:: SUPPLIED INFORMATION ::
──────────
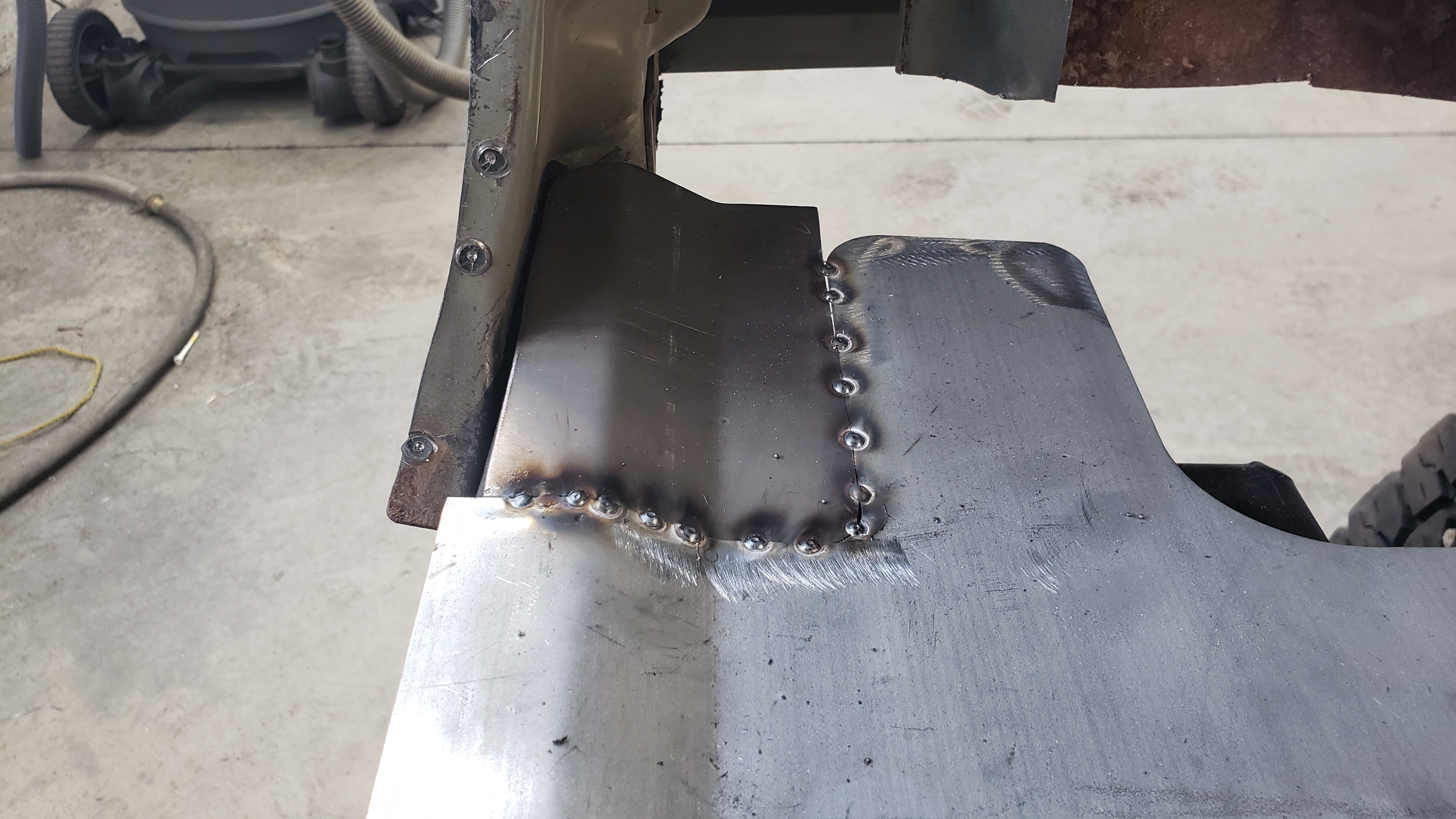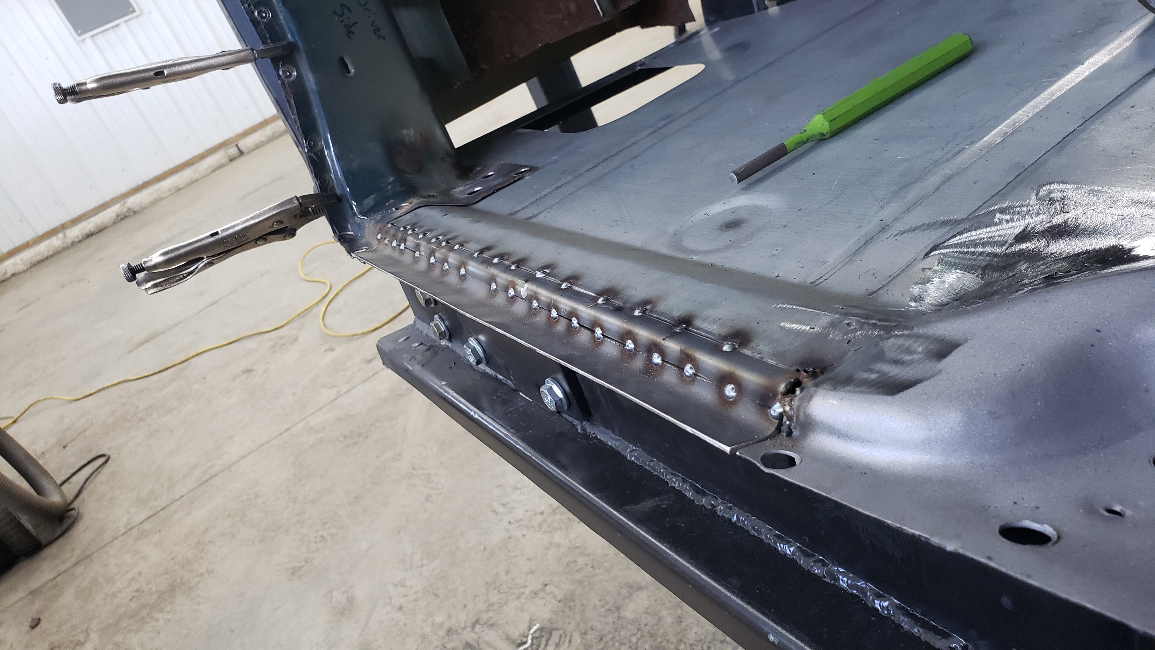 When I welded in the floor I didn’t bother to weld the wheel well lips up. The patch panel curves are pretty atrocious and don’t line up with the inner wheel wells very nicely. I decided I would just drill them on the spot and weld them since I didn’t care if they weren’t symmetrical.
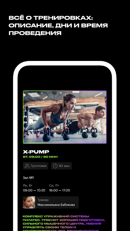 - видеть оповещения о предстоящих занятиях и обо всех изменениях в клубе;
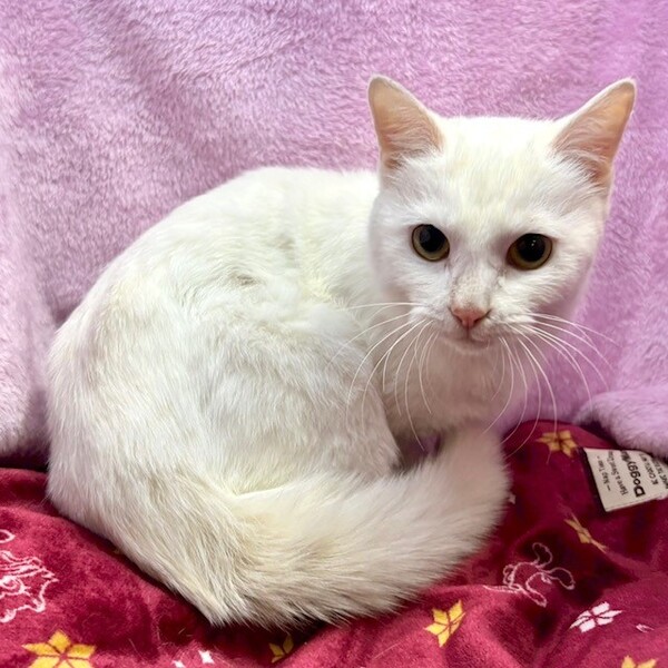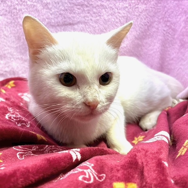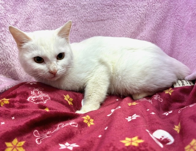| 特徴(性格など) | 【仮名】おもちちゃん 【性格】真っ白なおもちちゃん☆ ただいま絶賛人馴れ修行中! ナデナデが嫌じゃないカモ⁈って思ってきたトコロです♪ おもちちゃんのペースで向き合ってくれる里親様募集中です! 鏡餅のようなオチリはアナタだけのもの♡ ※1ピキ譲渡可 |
──────────
:: EXERCISE ::
Only the pictures stay out; everything else in the listing above must be repeated exactly.

:: SOLUTION BELOW ::
 When I welded in the floor I didn’t bother to weld the wheel well lips up. The patch panel curves are pretty atrocious and don’t line up with the inner wheel wells very nicely. I decided I would just drill them on the spot and weld them since I didn’t care if they weren’t symmetrical.
 - видеть оповещения о предстоящих занятиях и обо всех изменениях в клубе;
| 特徴(性格など) | 【仮名】おもちちゃん 【性格】真っ白なおもちちゃん☆ ただいま絶賛人馴れ修行中! ナデナデが嫌じゃないカモ⁈って思ってきたトコロです♪ おもちちゃんのペースで向き合ってくれる里親様募集中です! 鏡餅のようなオチリはアナタだけのもの♡ ※1ピキ譲渡可 |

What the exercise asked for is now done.